Give all the lines below again, exactly, with no pictures.

**Dataset section**.
---

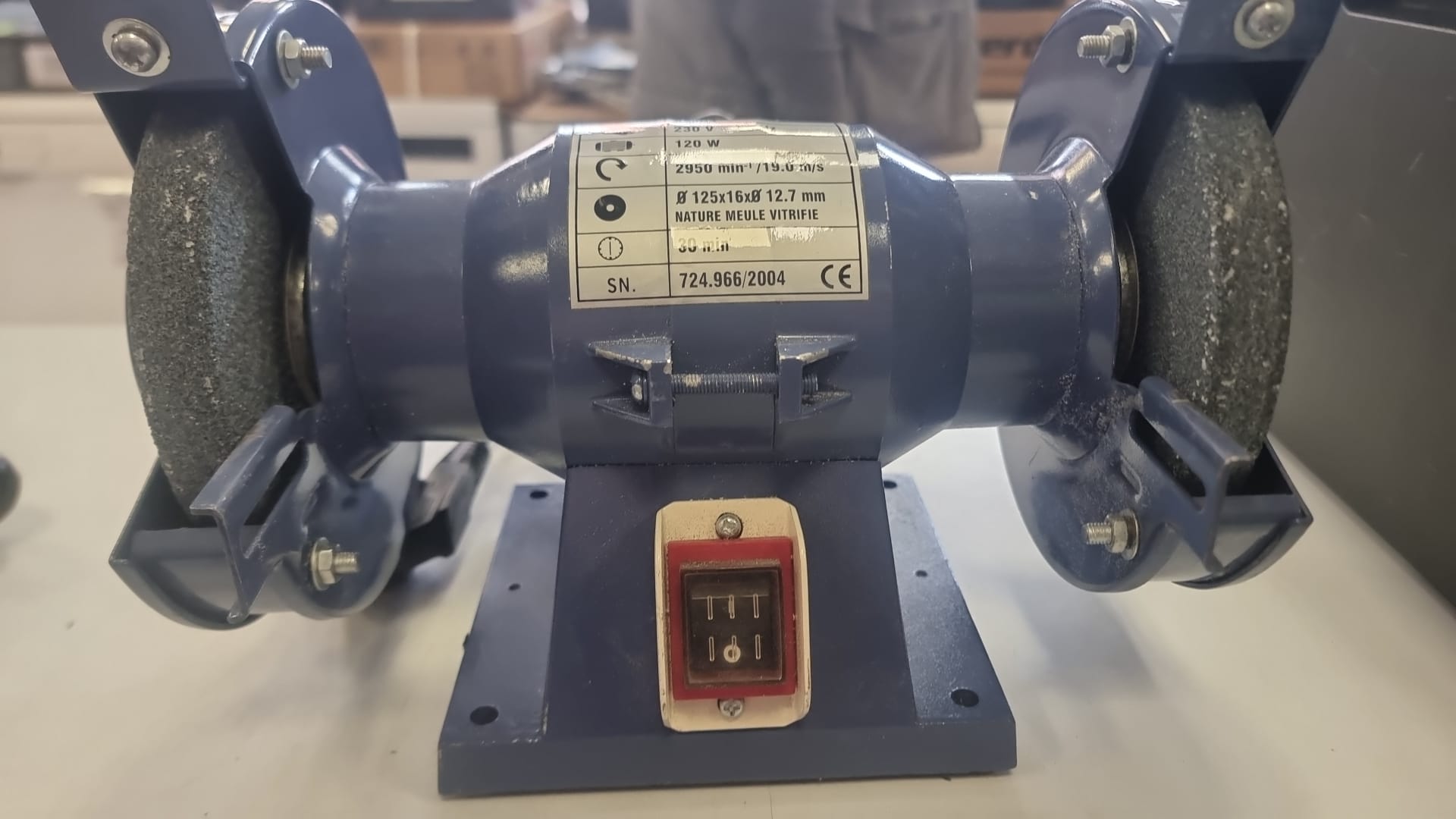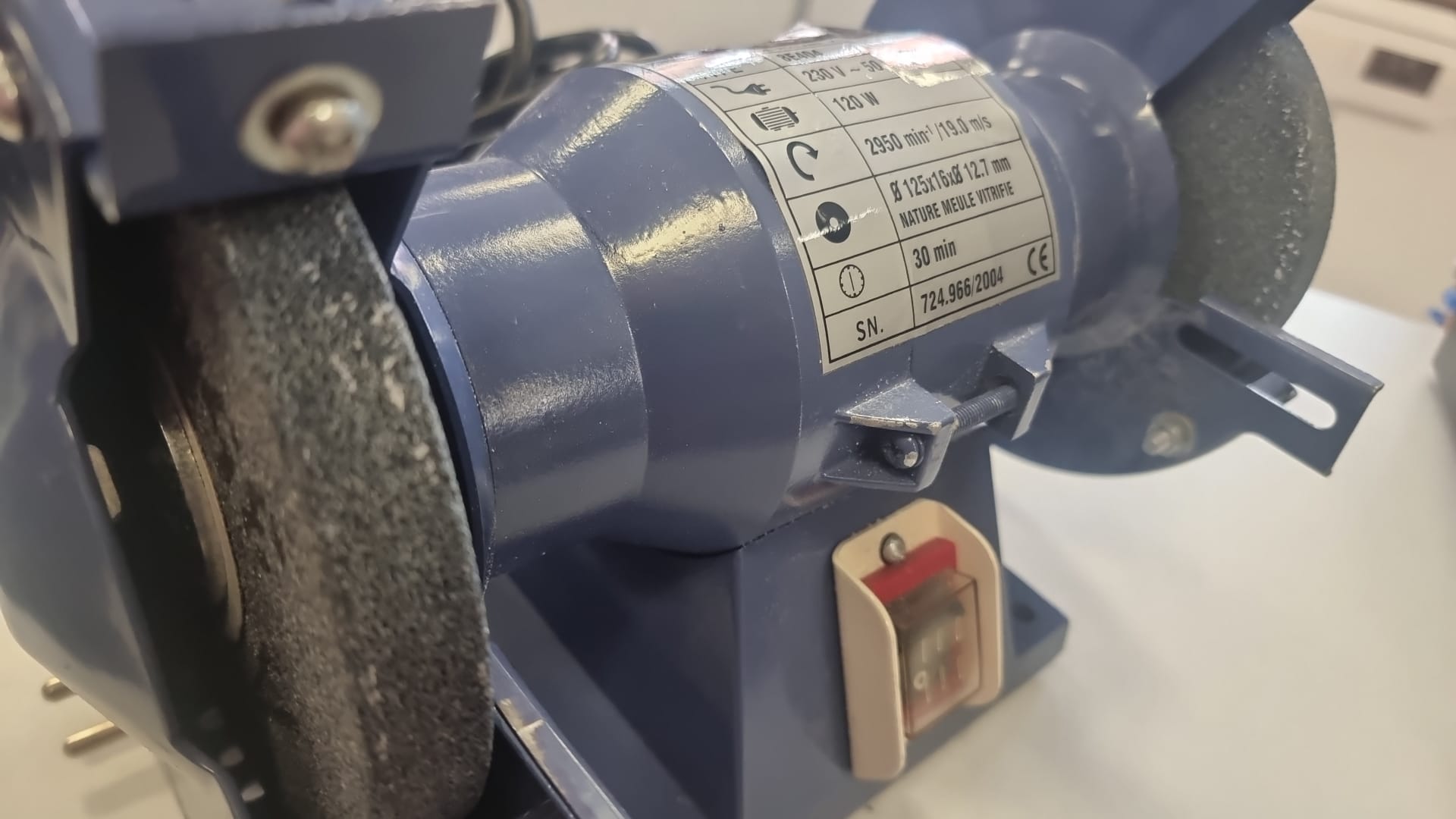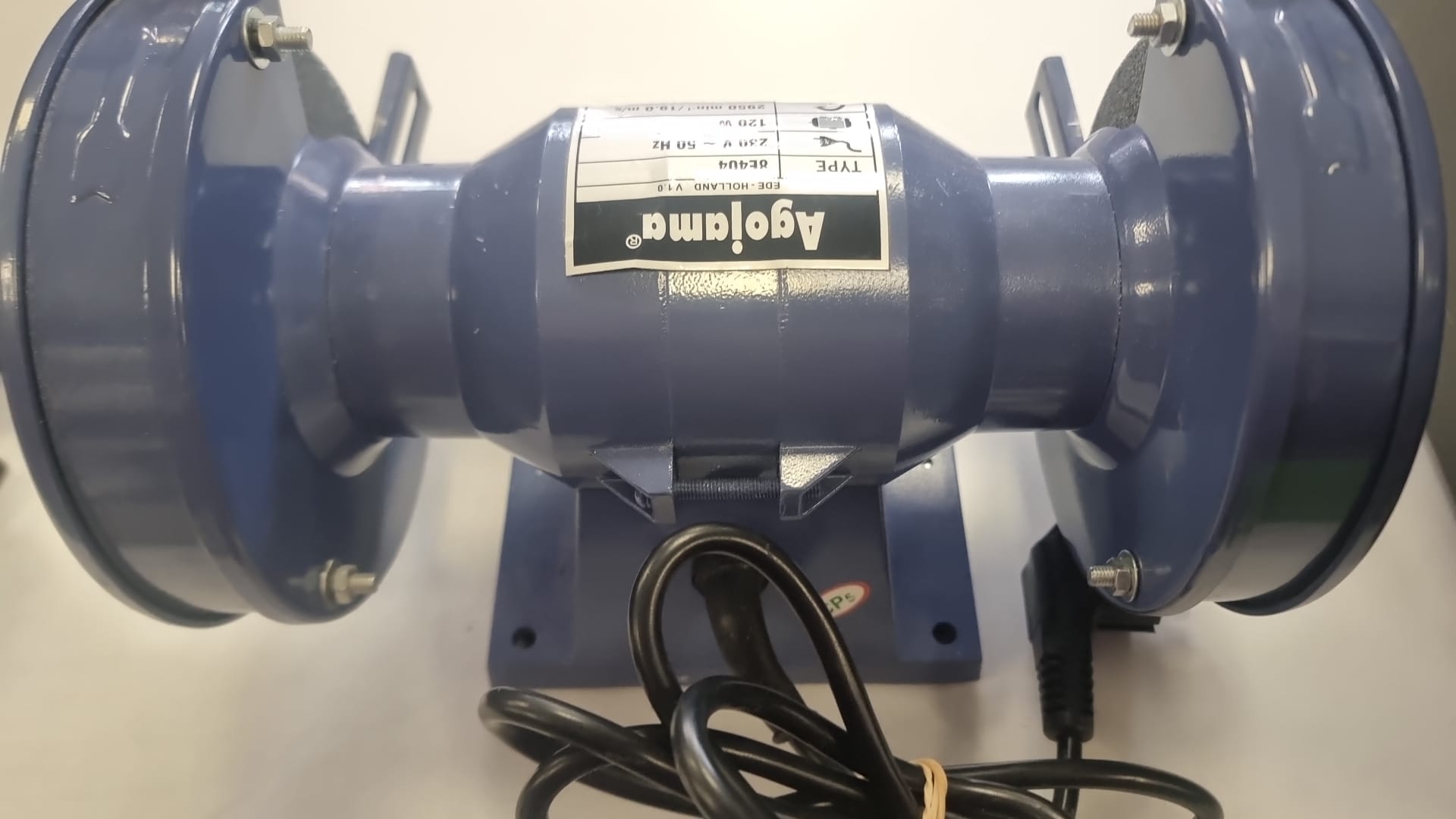 Esmeriladora de banco Agojama con motor de 120W Diámetro de disco: 125 mm. Grosor de disco: 16 mm. Diámetro interior: 8 mm.Velocidad: 2950 rpm.
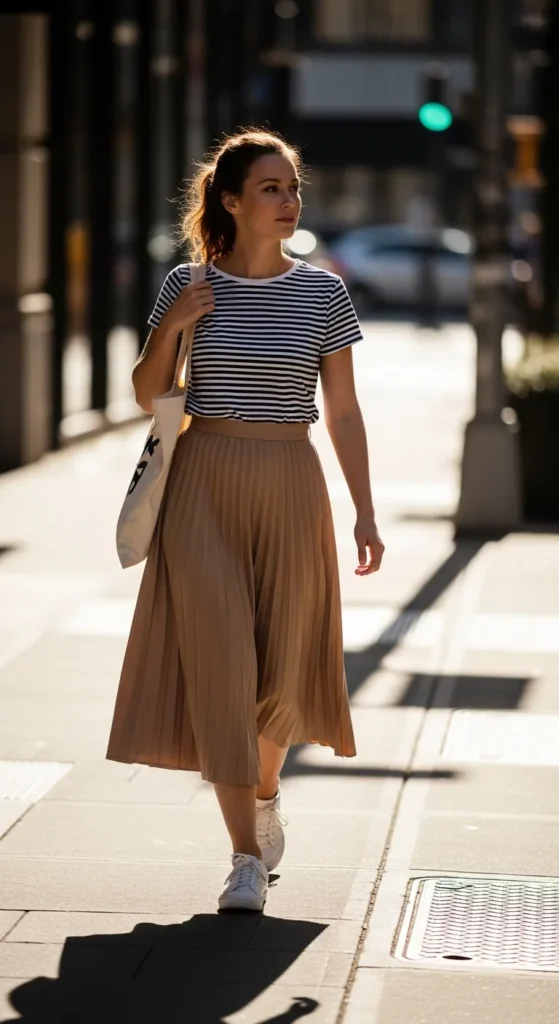 A striped tee brings classic charm to a pleated skirt, making the outfit feel relaxed and familiar. It’s perfect for summer errands, casual lunches, or spontaneous plans.
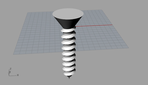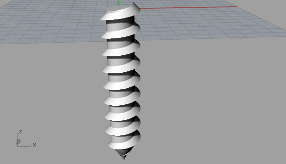 I could use the tapered helix line as a rail to sweep the threads around the screw's shaft using the Sweep1 command. I remembered to Cap the threads when I was done. I also modeled the threads to overlap the cylinder because Rhino doesn't seem to like coincident surfaces when using boolean operations.

---

**Task result**.
 Esmeriladora de banco Agojama con motor de 120W Diámetro de disco: 125 mm. Grosor de disco: 16 mm. Diámetro interior: 8 mm.Velocidad: 2950 rpm.
 A striped tee brings classic charm to a pleated skirt, making the outfit feel relaxed and familiar. It’s perfect for summer errands, casual lunches, or spontaneous plans.
 I could use the tapered helix line as a rail to sweep the threads around the screw's shaft using the Sweep1 command. I remembered to Cap the threads when I was done. I also modeled the threads to overlap the cylinder because Rhino doesn't seem to like coincident surfaces when using boolean operations.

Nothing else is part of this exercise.